[Source data]
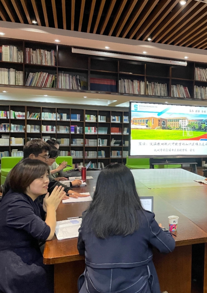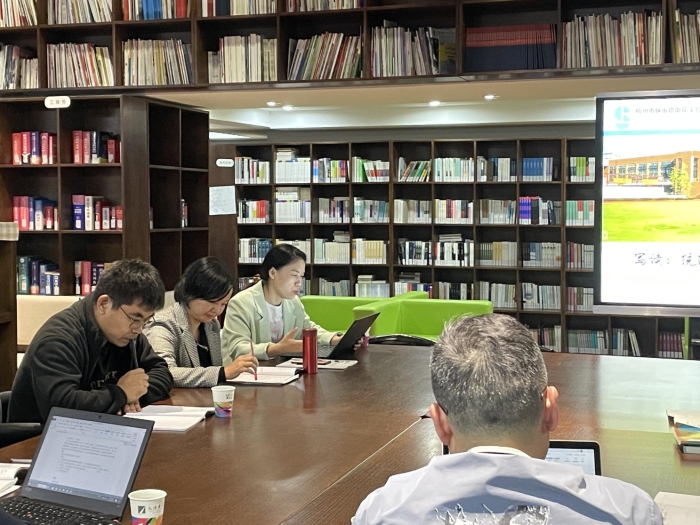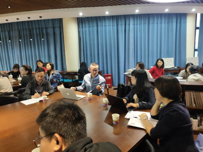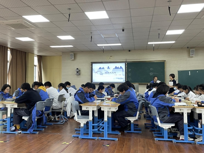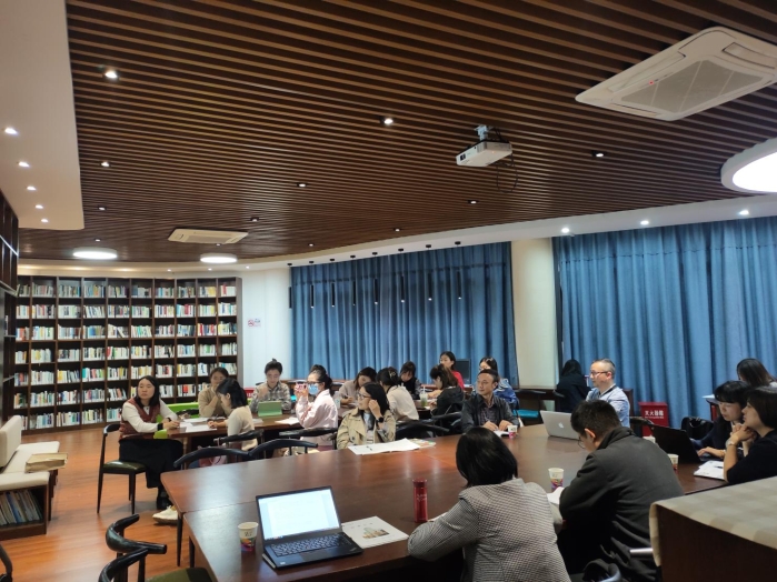 步履遇清秋,十月怀期盼。为探讨“双减”背景下深度教学,让减负增效落到实处,充分发挥名师的示范、引领、辐射作用,促进教师的专业成长,2021年10月27日,王守洪、潘素文、朱兴祥、何立勤四大名师工作室,相约在杭州市长阳中学开展“现代诗歌”教学研修活动。活动由潘素文老师主持,四个名师工作室20多位成员及长阳全体语文教师参加。同时,我们有幸邀请了“重量级”专家——浙江省特级教师、正高级教师、杭州市保俶塔申花实验学校校长金戈老师莅临指导。整个下午,语文老师们在馥郁诗香中,共话现代诗歌教学,在研讨中进行思维碰撞,在专业化的指导中汲取教学的力量。
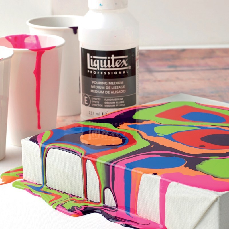 Il Liquitex Medium Pouring può essere utilizzato con qualsiasi colore acrilico e, una volta miscelato al colore, permette di creare un composto colorato molto fluido senza alterarne la tinta, ideale per realizzare opere d'arte multicolore dall'effetto a colata, marmoreo, con chiazze di colore e lisce, omogenee, senza screpolature o bolle d'aria. Il composto ottenuto può essere applicato su tutte le superfici (tela, cartone, vetro, e così via). Dopo l'asciugatura il prodotto rende il colore estremamente brillante e resistente all'acqua, oltre a conferire allo stesso un effetto bagnato (anche se in realtà è perfettamente asciutto).
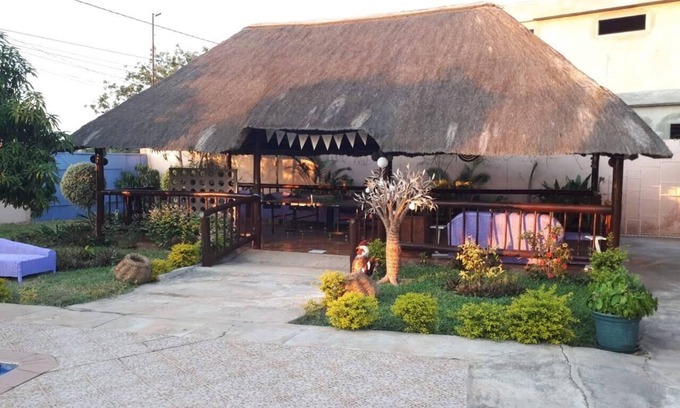 Families with kids enjoy our place most because of the ample play space for the kids. There is a fairly large outside space that hosts a garden, a large family-size swimming pool and a thatch-roofed patio where the family can sit, eat, play, relax and/or watch the pool and garden.
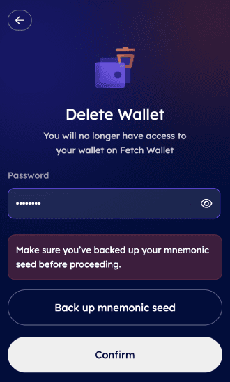 This functionality provides the option to delete a wallet.
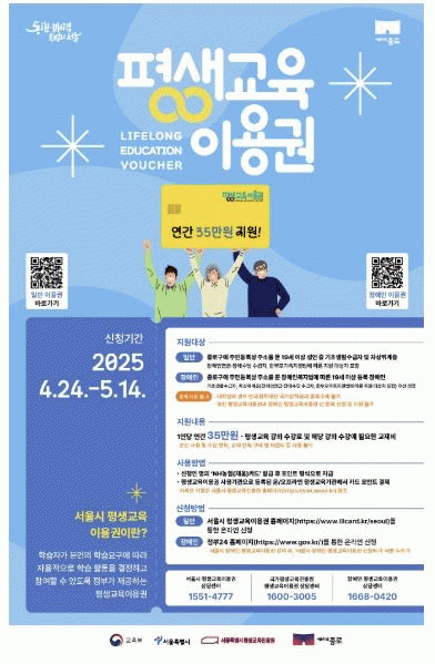 [NWS¹æ¼Û=Çѽ¸ñ ±âÀÚ]Á¾·Î±¸°¡ 5¿ù 14ÀϱîÁö ¡®2025³â Æò»ý±³À°ÀÌ¿ë±ÇÁö¿ø»ç¾÷¡¯ ½ÅûÀ» Á¢¼öÇÑ´Ù. ¹è¿ò¿¡ ¸ñ¸¶¸¥ ±¸¹ÎµéÀ» À§ÇØ ±¸¿¡¼­ ÀÚ°ÝÁõºÎÅÍ ¾îÇÐ, â¾÷, Àι®ÇÐ µî ´Ù¾çÇÑ Æò»ý±³À° °­ÁÂÀÇ ¼ö°­·á¿Í ±³Àçºñ·Î »ç¿ëÇÒ ¼ö ÀÖ´Â ¿¬¡¦
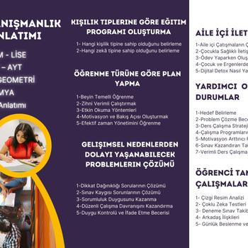 25 yıldır ÖĞRETMENLİK hayatımda MATEMATİK dalında Derece ve Olimpiyat öğrencileri ile beraber çalışmaktayım. İşim sadece ders anlatmak değil aşağıda bahsettiğim etkinliklerle öğrencinin nasıl daha iyi öğrenebileceğini kısacası öğrenmeyi öğrenme metodu ile etkin ve verimli bir çalışma yapıyoruz. Her öğrenciye göre planlanmış özel programlarla , hafızayı kuvvetlendirme zihinsel becerileri arttırma, mizaca göre öğretim metodu ve uygulanabilir takip sistemi ile öğrenmenin kalıcı hale getiriyorum. 1 Kişilik ve Zeka tiplerine göre öğrenme modeli 2 Beyin Temelli öğrenme uygulamaları 3 Zihni nasıl ne zaman daha verimli kullanabilirim? 4 Etkin okuma yöntemleri 5 Motivasyonu arttırma yolları 6 Efektif zaman yönetimi 7 Dikkat dağınıklığı sorunlarının çözümü 8 Sınav kaysı sorunlarının çözümü 9 Öz disiplin ve öz denetim duygusunu kazanma 10 Duygu kontrolü ve ifade etme becerisi 11 Çocuk ve ergenlerle etkili iletişim 12 Ödev yapılırken yapılan iletişim kazaları 13 Öğrenci tanıma analizleri ve çalışmaları 14 Aile içi iletişim kazalarının çözümü
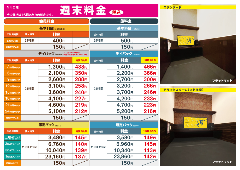 ※休日料金は、金・土・日・祝前・祝日に適用されます。予めご了承下さい。
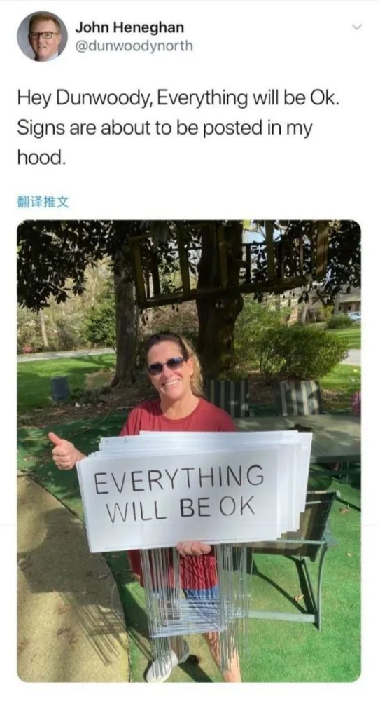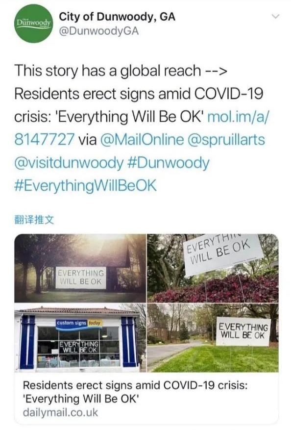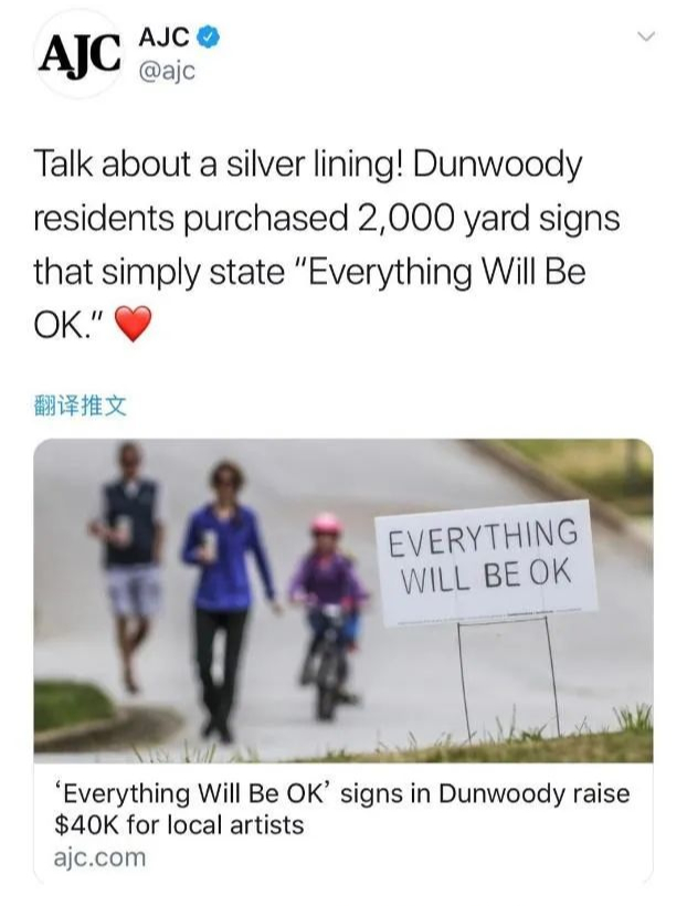 佐治亚州的Dunwoody小镇,所有居民都在接受自我隔离。为了鼓励社区民众,当地一家名为Create Dunwoody的致力于公共艺术的组织以20美元的售价向居民分发“一切都会安好”的标牌,住户们也可选择网上下单,由工作人员以无接触的方式将招牌插在庭院内。此举得到了社区居民的大力支持,家家户户门前竖起了“Everything will be OK”,无形中连结起了这个完全处在封闭状态的住宅区。很快,Dunwoody的创意得到了其他社区的相应,这场Everything will be OK的爱心接力已经走出佐治亚州,鼓励更多的人勇往直前。
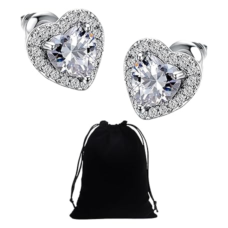 Sản phẩm 1 Pair of Women's Earrings, Silver Heart-Shaped Earrings, Cubic Zirconia Earrings, Hypoallergenic Silver Earrings, Gift for Women, Suitable for Weddings and Anniversaries đang được bán với giá ưu đãi là $5.0467 tại nước Anh.
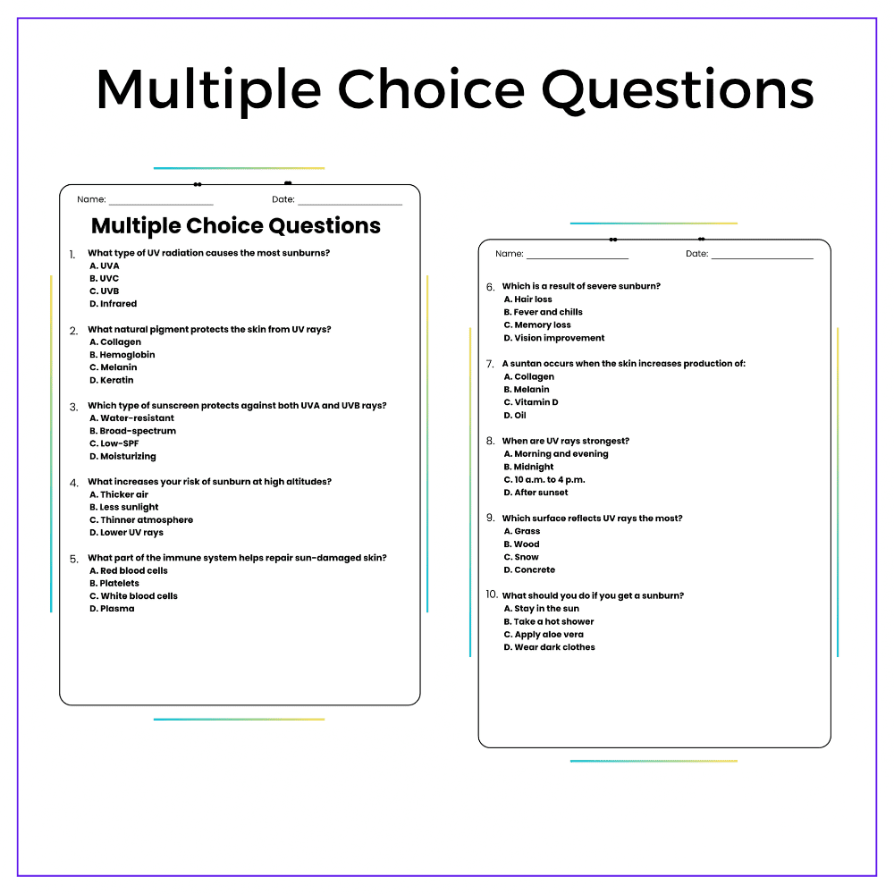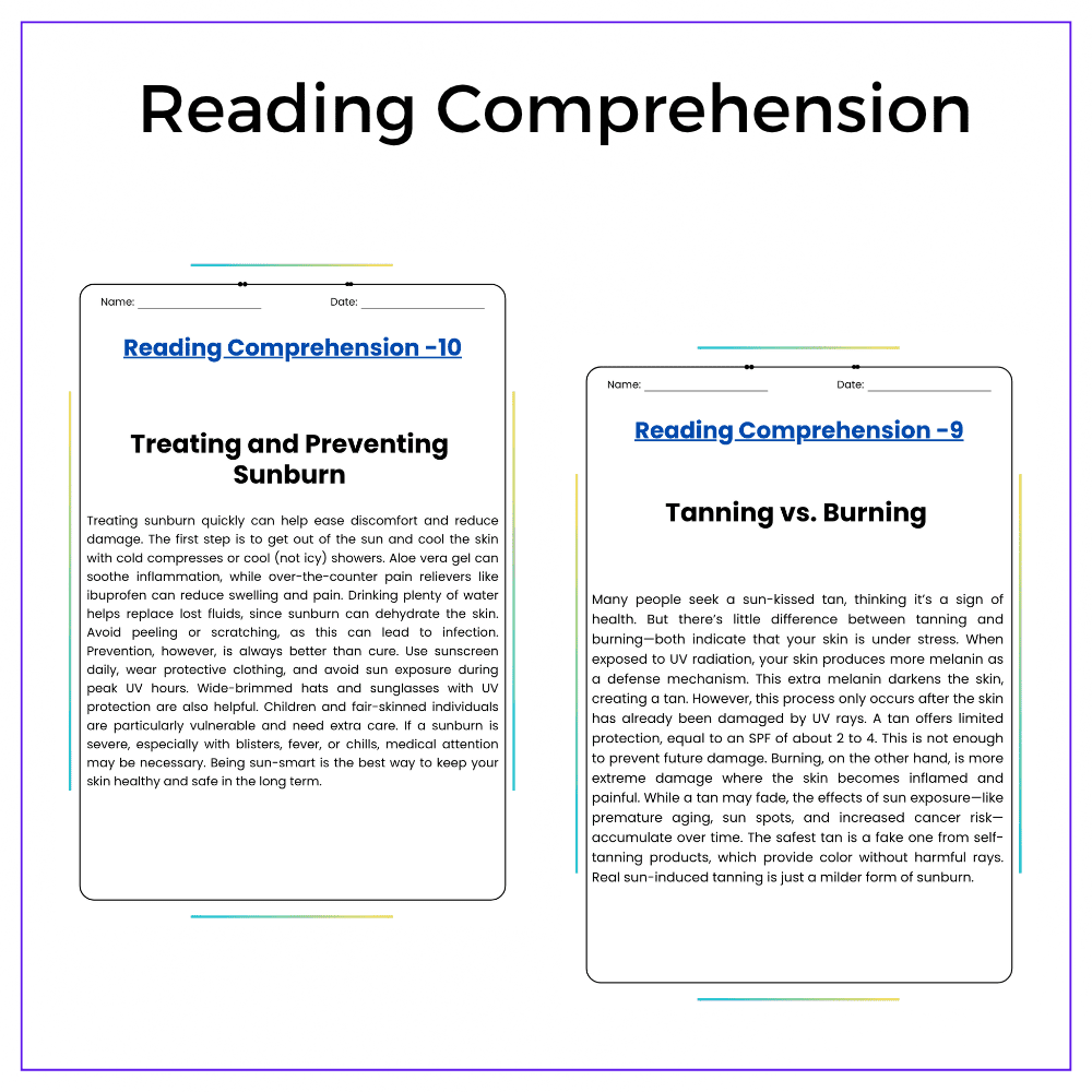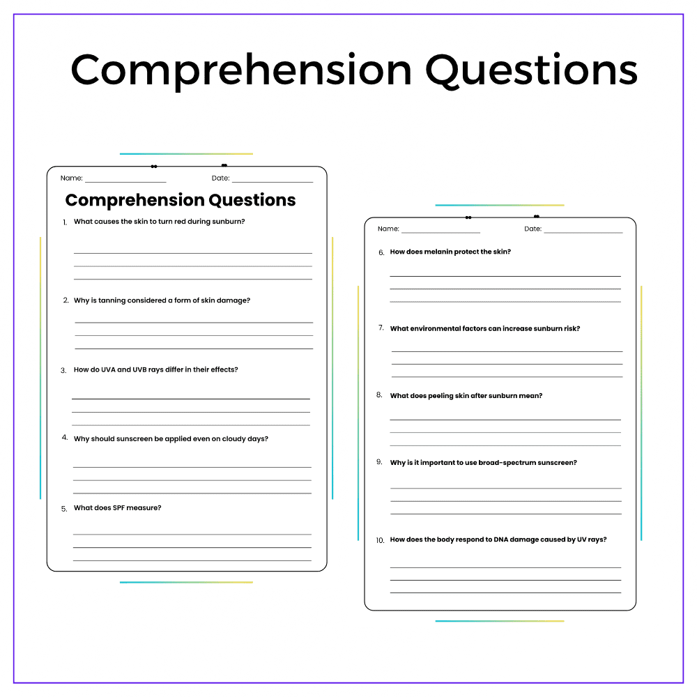 - Comprehension passages – Describe UV rays, melanin, and skin response

> [EXERCISE GOAL]:
Only the line with "[NWS¹æ¼Û=Çѽ¸ñ ±âÀÚ]Á¾·Î±¸°¡ 5¿ù" and those preceding it, back to the first line of the entries, should be repeated exactly, without pictures.

> [EXERCISE OUTPUT]:
 步履遇清秋,十月怀期盼。为探讨“双减”背景下深度教学,让减负增效落到实处,充分发挥名师的示范、引领、辐射作用,促进教师的专业成长,2021年10月27日,王守洪、潘素文、朱兴祥、何立勤四大名师工作室,相约在杭州市长阳中学开展“现代诗歌”教学研修活动。活动由潘素文老师主持,四个名师工作室20多位成员及长阳全体语文教师参加。同时,我们有幸邀请了“重量级”专家——浙江省特级教师、正高级教师、杭州市保俶塔申花实验学校校长金戈老师莅临指导。整个下午,语文老师们在馥郁诗香中,共话现代诗歌教学,在研讨中进行思维碰撞,在专业化的指导中汲取教学的力量。
 Il Liquitex Medium Pouring può essere utilizzato con qualsiasi colore acrilico e, una volta miscelato al colore, permette di creare un composto colorato molto fluido senza alterarne la tinta, ideale per realizzare opere d'arte multicolore dall'effetto a colata, marmoreo, con chiazze di colore e lisce, omogenee, senza screpolature o bolle d'aria. Il composto ottenuto può essere applicato su tutte le superfici (tela, cartone, vetro, e così via). Dopo l'asciugatura il prodotto rende il colore estremamente brillante e resistente all'acqua, oltre a conferire allo stesso un effetto bagnato (anche se in realtà è perfettamente asciutto).
 Families with kids enjoy our place most because of the ample play space for the kids. There is a fairly large outside space that hosts a garden, a large family-size swimming pool and a thatch-roofed patio where the family can sit, eat, play, relax and/or watch the pool and garden.
 This functionality provides the option to delete a wallet.
 [NWS¹æ¼Û=Çѽ¸ñ ±âÀÚ]Á¾·Î±¸°¡ 5¿ù 14ÀϱîÁö ¡®2025³â Æò»ý±³À°ÀÌ¿ë±ÇÁö¿ø»ç¾÷¡¯ ½ÅûÀ» Á¢¼öÇÑ´Ù. ¹è¿ò¿¡ ¸ñ¸¶¸¥ ±¸¹ÎµéÀ» À§ÇØ ±¸¿¡¼­ ÀÚ°ÝÁõºÎÅÍ ¾îÇÐ, â¾÷, Àι®ÇÐ µî ´Ù¾çÇÑ Æò»ý±³À° °­ÁÂÀÇ ¼ö°­·á¿Í ±³Àçºñ·Î »ç¿ëÇÒ ¼ö ÀÖ´Â ¿¬¡¦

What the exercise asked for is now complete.